Kaplan’s Adriatic

I’m about 60 pages into Robert D. Kaplan’s Adriatic: A Concert of Civilizations at the End of the Modern Era and am still uncertain about

it. With such a big sounding title, in such a nice new cloth bound edition from Random House, it seems it should be more substantial than it is so far. I also can’t quite tell what the genre is, which is probably the source of my initial uncertainty at least — how do I approach this? what sort of a book is it?

And then there’s something annoying about the narrative voice: I can’t quite shake the sense that, while the voice is constructed around the sort of questioning of things and oneself that comes with deep engagement with places and people that are different from oneself, that same voice comes across as awfully certain about quite a lot, including itself. So while he often says explicitly things like, “I’m a traveler,” “traveling disrupts one’s sense of self, what one thinks one knows,” “I have often felt like I don’t know X,” he then turns around and pronounces judgment on just about everything from geopolitics and the future (!) role of China in the Mediterranean to the poetry of Ezra Pound (not a very good poet, according to Kaplan). This is not an attractive narrative approach and leaves me feeling a bit like there’s something dishonest going on in the telling, or maybe a lack of awareness on the part of the narrator.

I am thinking it might be mostly a memoir at this point, which helps a bit on the history front since some things are weirdly off with that. For instance, he spends several pages on Boethius but spells the name consistently without the “h” (Boetius).

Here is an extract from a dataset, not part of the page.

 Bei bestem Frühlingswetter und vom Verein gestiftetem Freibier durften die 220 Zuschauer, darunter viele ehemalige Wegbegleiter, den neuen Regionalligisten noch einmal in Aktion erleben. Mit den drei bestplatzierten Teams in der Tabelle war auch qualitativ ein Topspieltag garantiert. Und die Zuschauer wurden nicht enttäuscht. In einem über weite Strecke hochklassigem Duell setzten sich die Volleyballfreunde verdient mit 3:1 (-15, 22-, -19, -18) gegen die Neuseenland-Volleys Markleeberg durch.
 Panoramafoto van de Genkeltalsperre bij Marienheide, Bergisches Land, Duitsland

Where did that come from, and why didn’t a copy editor catch it? And when he refers to the author Jan Morris, who has three books in his bibliography under that name, he seems to feel the need to refer to her as James Morris and put the Jan in parentheses. Again, why?

Then there’s the coverage of the book itself, which from an area perspective is spotty but is much more acceptable as memoir. He does seem to be re-visiting some places he visited many years ago, except for the first two chapters, because of which I got the impression he was going to be exploring rather than re-visiting: again, different kinds of books. Otherwise, I can’t quite see why a book “on” the Adriatic would not include anything substantial about the Italian coast from south of Rimini, where he begins, to Apulia, where the Adriatic ends, or on any of the Croatian islands except for, as far as I can tell, Korčula; nor does there appear to be any dedicated content on northern Dalmatia (between Rijeka and Split), which is sort of a big part.

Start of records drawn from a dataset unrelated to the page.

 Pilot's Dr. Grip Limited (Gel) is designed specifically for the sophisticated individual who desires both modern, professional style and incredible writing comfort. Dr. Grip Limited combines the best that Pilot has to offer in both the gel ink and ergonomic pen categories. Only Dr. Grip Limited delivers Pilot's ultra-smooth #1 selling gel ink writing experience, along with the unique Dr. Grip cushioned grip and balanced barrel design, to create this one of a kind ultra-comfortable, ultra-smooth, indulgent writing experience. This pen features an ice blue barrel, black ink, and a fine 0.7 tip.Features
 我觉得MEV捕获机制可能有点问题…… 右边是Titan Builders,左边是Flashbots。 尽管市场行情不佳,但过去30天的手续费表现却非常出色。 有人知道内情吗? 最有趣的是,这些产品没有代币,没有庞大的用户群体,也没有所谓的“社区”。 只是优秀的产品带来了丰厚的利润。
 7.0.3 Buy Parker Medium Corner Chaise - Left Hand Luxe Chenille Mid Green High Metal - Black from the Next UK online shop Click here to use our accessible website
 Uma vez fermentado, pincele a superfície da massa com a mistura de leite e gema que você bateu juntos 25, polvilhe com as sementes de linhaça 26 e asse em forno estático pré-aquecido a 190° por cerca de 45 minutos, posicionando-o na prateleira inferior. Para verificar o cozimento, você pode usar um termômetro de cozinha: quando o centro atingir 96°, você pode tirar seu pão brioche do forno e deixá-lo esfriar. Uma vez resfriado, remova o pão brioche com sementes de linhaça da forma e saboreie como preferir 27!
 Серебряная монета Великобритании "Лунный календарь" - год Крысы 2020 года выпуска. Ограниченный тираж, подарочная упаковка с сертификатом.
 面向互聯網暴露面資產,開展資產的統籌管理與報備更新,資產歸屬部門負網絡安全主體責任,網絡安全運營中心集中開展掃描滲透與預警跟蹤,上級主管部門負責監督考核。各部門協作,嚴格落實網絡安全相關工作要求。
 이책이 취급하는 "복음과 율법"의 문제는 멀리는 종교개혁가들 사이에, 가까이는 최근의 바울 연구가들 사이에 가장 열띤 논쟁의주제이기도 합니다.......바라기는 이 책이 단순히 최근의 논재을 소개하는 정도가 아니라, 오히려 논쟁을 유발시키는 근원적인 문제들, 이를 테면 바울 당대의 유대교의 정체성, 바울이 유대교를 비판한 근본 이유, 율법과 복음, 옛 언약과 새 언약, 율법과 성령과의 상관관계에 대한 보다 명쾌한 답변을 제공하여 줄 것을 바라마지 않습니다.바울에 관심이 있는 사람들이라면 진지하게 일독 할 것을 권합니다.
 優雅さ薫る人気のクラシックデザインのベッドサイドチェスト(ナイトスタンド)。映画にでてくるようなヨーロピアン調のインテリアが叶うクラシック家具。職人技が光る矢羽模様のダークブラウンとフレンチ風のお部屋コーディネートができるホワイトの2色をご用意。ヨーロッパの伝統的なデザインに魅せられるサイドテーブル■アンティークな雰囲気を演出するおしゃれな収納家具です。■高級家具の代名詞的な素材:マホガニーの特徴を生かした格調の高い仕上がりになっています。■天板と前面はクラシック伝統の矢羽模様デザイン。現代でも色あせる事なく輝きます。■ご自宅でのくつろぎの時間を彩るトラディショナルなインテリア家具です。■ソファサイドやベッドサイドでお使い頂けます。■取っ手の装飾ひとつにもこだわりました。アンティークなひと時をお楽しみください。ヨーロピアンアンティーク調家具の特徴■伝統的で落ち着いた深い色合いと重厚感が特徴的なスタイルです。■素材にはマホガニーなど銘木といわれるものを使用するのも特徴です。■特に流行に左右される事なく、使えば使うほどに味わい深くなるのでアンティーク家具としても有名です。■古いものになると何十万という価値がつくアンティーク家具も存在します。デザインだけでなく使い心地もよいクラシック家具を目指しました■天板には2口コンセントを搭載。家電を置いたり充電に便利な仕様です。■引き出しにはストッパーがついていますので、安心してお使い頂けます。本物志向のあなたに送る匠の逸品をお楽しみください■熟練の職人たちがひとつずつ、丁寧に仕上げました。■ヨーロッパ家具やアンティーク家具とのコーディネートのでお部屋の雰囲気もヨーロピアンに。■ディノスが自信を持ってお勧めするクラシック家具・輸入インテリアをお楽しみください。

If it’s a memoir and not so much a research-based book about the Adriatic, then even that seems to require some further qualification, as it is mostly about what the author has read, a sort of bibliography with extensive personal commentary. That can be interesting if the books are good and the commentary is good. The books are often good, and some are new to me.

The commentary has mostly not been that interesting so far, though I did learn something from his summary of Francis Oakley’s The Emergence of Western Political Thought in the Latin Middle Ages, especially regarding Byzantium’s accommodation of the Ancient World’s notion of “sacral kingship” for what would eventually become Eastern Orthodoxy, in effect putting imperial authority in harmony with a clerical priesthood, which helped me understand how old and how different from Western forms of political power is the sort of merging that the current Russian president has tried to make use of in recent years.